Discretionary Keynesian stimulus is built on the notion of propping up the existing firms, labor market relationships, and purchase patterns. In the aftermath of the Great Recession and Obama Administration stimulus efforts, new-firm creation dropped dramatically in the U.S. and the recovery proved modest at best. This is not a coincidence. Interfering with the core mechanisms for reinvention harms the capacity of the economy to transform itself for the future.
Sounds like a PSST story.
Holtz-Eakin’s piece is on a new conservative web site called Opportunity Lives. I like the look of the site, and almost every link on the front page tempts me to click. However, I was a bit disappointed that some of those links took me to teasers that linked to columns published elsewhere. If you are going to tease-and-link, then do so in a blog-like manner, without making me waste a click on my way to the actual article. See Arts and Letters Daily.
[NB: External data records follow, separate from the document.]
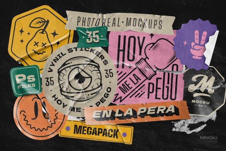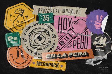 图穷联素材库 » 潮流做旧仿旧不干胶贴纸撕纸纹理海报样机模板 Vynil stickers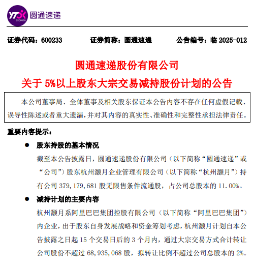 2024年底以来,阿里剥离非核心资产的节奏明显加快:2024年12月出售银泰百货全部股份,套现约74亿元;2025年1月以最高123亿元出售高鑫零售78.7%股权(高鑫零售含大润发、欧尚品牌,曾是阿里新零售核心但业绩持续下滑);2月和4月两次减持中金公司股份,合计套现约16亿元;3月及6月减持圆通速递,累计回笼资金近20亿元;此外还减持三江购物、万达电影、红星美凯龙等,涉及零售、物流、影视、金融多领域。经统计,这些资产出售总额已超300亿元。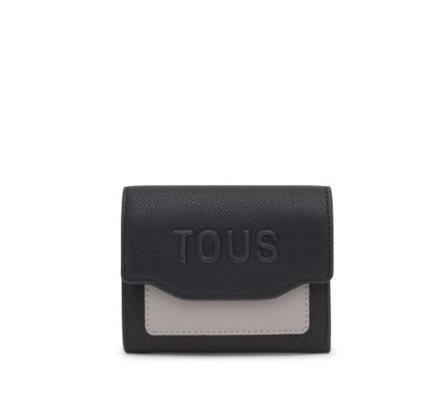 Cartera Audree Saffiano de poliuretano en color negro y gris. Cierre de botones a presión. En el interior cuenta con seis ranuras para tarjetas y un compartimento para billetes. Bolsillo para monedas con cierre de cremallera. Medidas (alto x ancho x fondo): 10 x 12 x 3 cm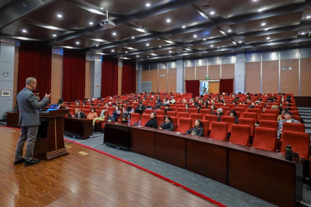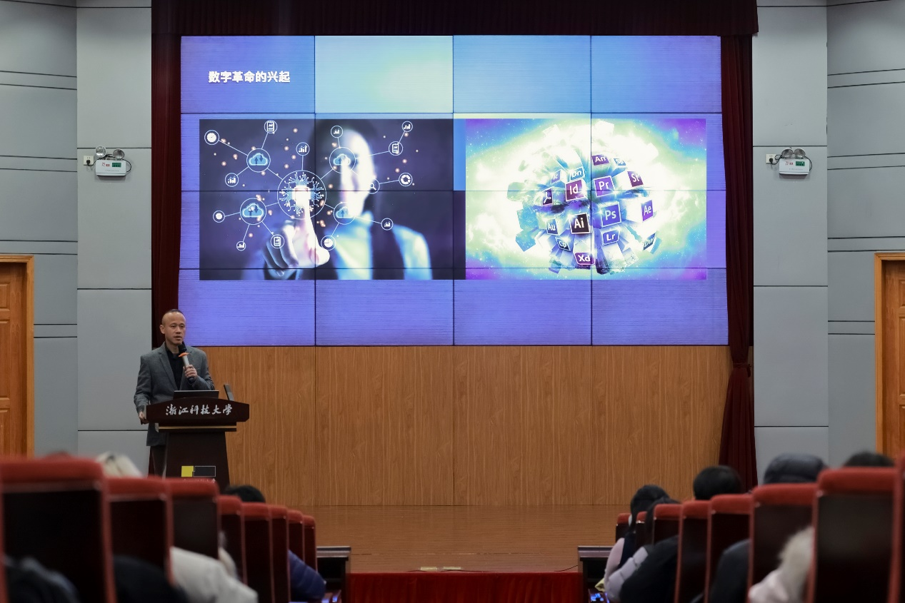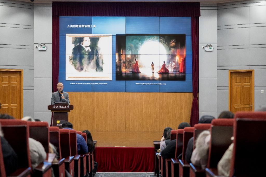 教授、博士研究生、硕士研究生导师龚嘉伟教授作为主讲人,本次讲座旨在探讨科技时代如何影响艺术和设计的创意表达。讲座从历史、当前发展到未来方向,全面分析科技与创意的关系。校内外专业教师及研究生、本科生合计一百余人到场聆听。

Meanwhile, the IGM forum recently reaffirmed that the economists on their panel think that the fiscal stimulus was just the cat’s meow.
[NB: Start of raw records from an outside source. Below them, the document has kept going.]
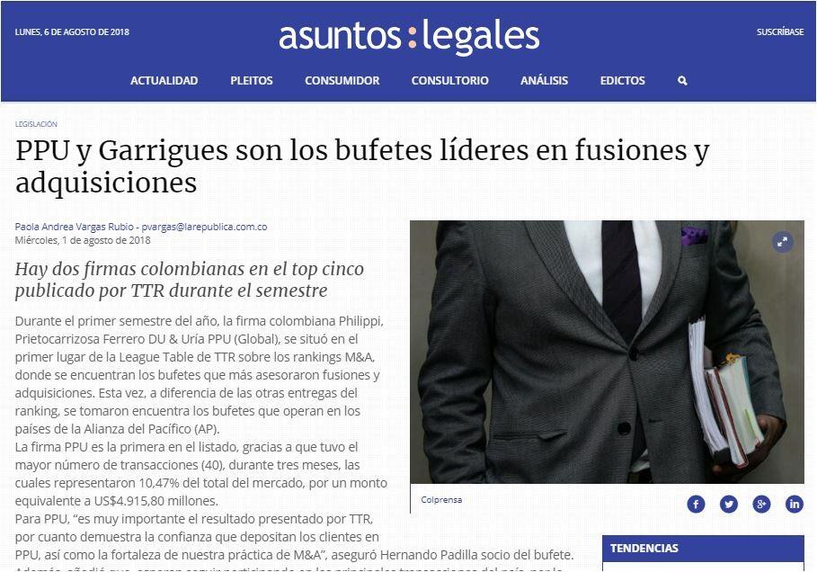 Durante el primer semestre del año, la firma colombiana Philippi, Prietocarrizosa Ferrero DU & Uría PPU (Global), se situó en el primer lugar de la League Table de TTR sobre los rankings M&A, donde se encuentran los bufetes que más asesoraron fusiones y adquisiciones. Esta vez, a diferencia de las otras entregas del ranking, se tomaron encuentra los bufetes que operan en los países de la Alianza del Pacífico (AP).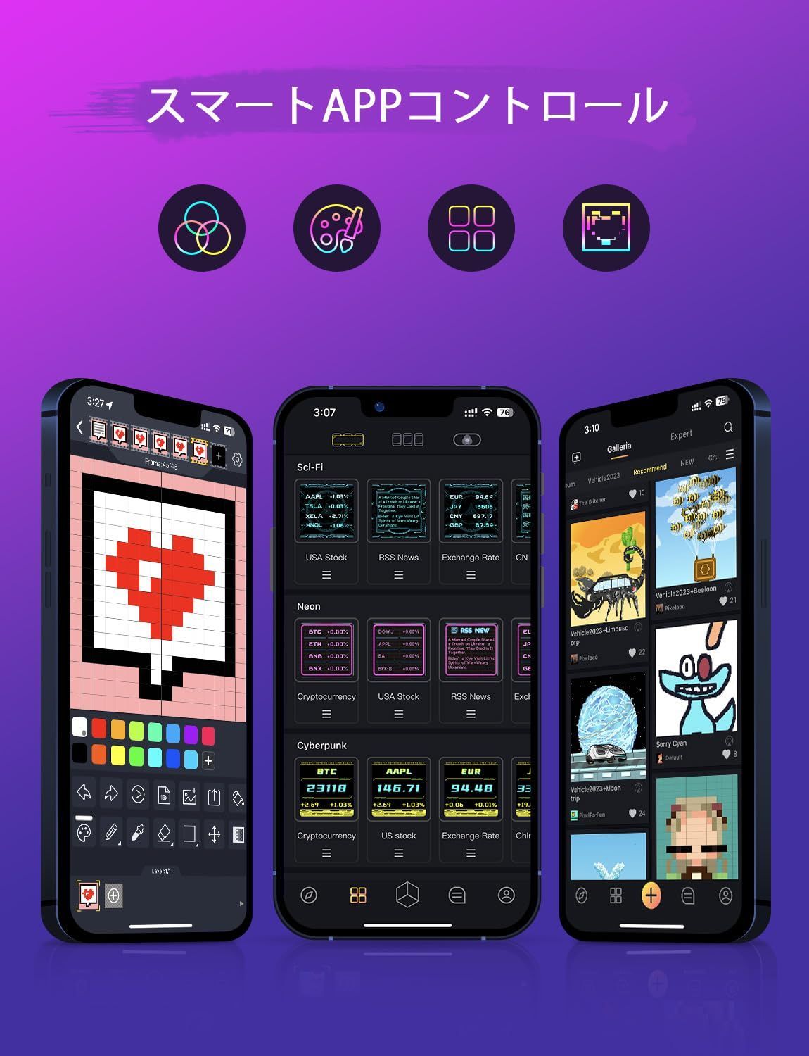 【ピクセルアートコミュニティ】-- 想像力を解き放ち、個性的なピクセルアートを作成しましょう。Divoomアプリの数百万のピクセルアートデザインのライブラリを使って、アニメーション、テキストなどの表示内容を簡単にカスタマイズすることもできます。これはあなたのユニークなスタイルと創造力を反映した画面です。タイムズゲートは、単なるクールなピクセルディスプレイにとどまらず、生活とテクノロジーのシームレスな統合の象徴でもあります。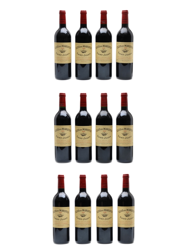 This lot contains twelve bottles of 2000 Clos Du Marquis from Bordeaux's Saint-Julien appellation.
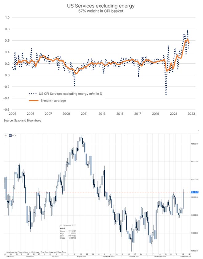 Mentre i dati sull'inflazione di novembre negli Stati Uniti hanno mostrato un altro mese di raffreddamento dell'inflazione, i titoli tecnologici statunitensi si sono rafforzati con il Nasdaq 100 in rialzo del 4%, tornando ai livelli più alti da settembre. L'entusiasmo per il ribaltamento dell'inflazione diminuirà con il tempo poiché la vera domanda è: a quale livello il tasso di inflazione si stabilizzerà? Sarà questo valore a determinare il costo del capitale a lungo termine.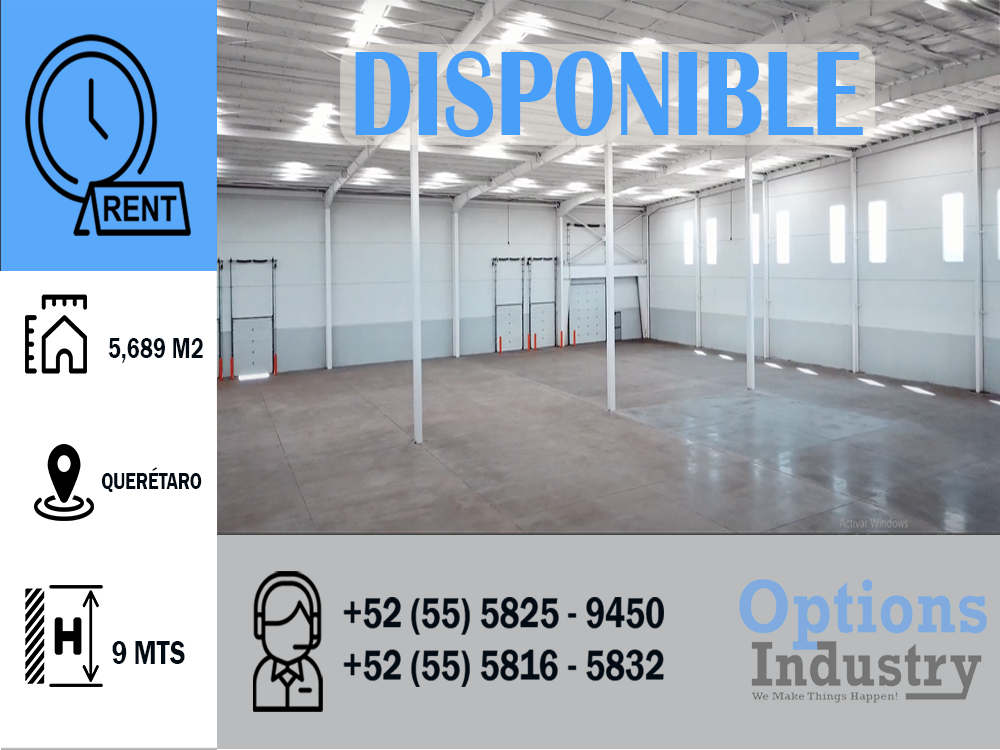 Espacio total disponible: 5,689 m2.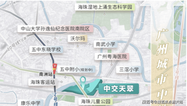 中交·天翠交通条件优越,距离地铁2号线和广佛线交汇的南洲站约500米,居民可便捷换乘至珠江新城、琶洲及万博CBD,轨道交通覆盖率高,自驾出行同样便捷。项目毗邻广州大道及环城高速,快速连接全城主干道网络,前往珠江新城、天河及琶洲商务区均在半小时内可达。交通设计兼顾便捷性与日常生活通行效率,同时考虑地块被主干道包围可能带来的噪音和粉尘影响,整体交通条件对于商务出行和日常生活均具优势。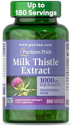 Puritan's Milk Thistle 4:1 Extract 1000mg 180 Softgels (Silymarin) Liver Health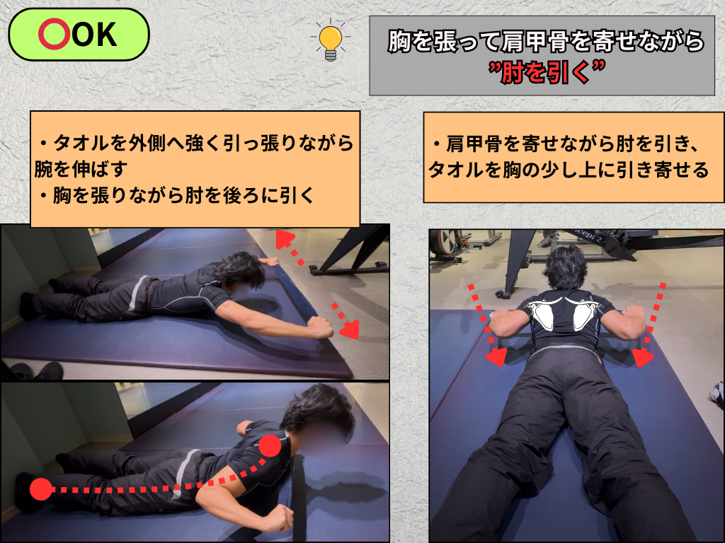 • 肘を後ろに引く意識で、肩甲骨を寄せながらタオルを胸の少し上に引き寄せる

I am no economist, I am an entrepreneur, and it looks like all these academics that are keynesians now don’t acknowledge what seems obvious: policies that are targeted to “increase resource utilization”, at a macro level, if they succeed at all, are actually rewarding vested interests in capital (existing plants, etc), and/or labor (people have no incentive to check and possibly invest time increasing/changing their skills). It is not that the data does not fits their prescriptions, quite to the contrary, it does! And there should be no surprise there … But, is the role of the economic system “maximize resource utilization” ? Or is it meet customers demands and wants ??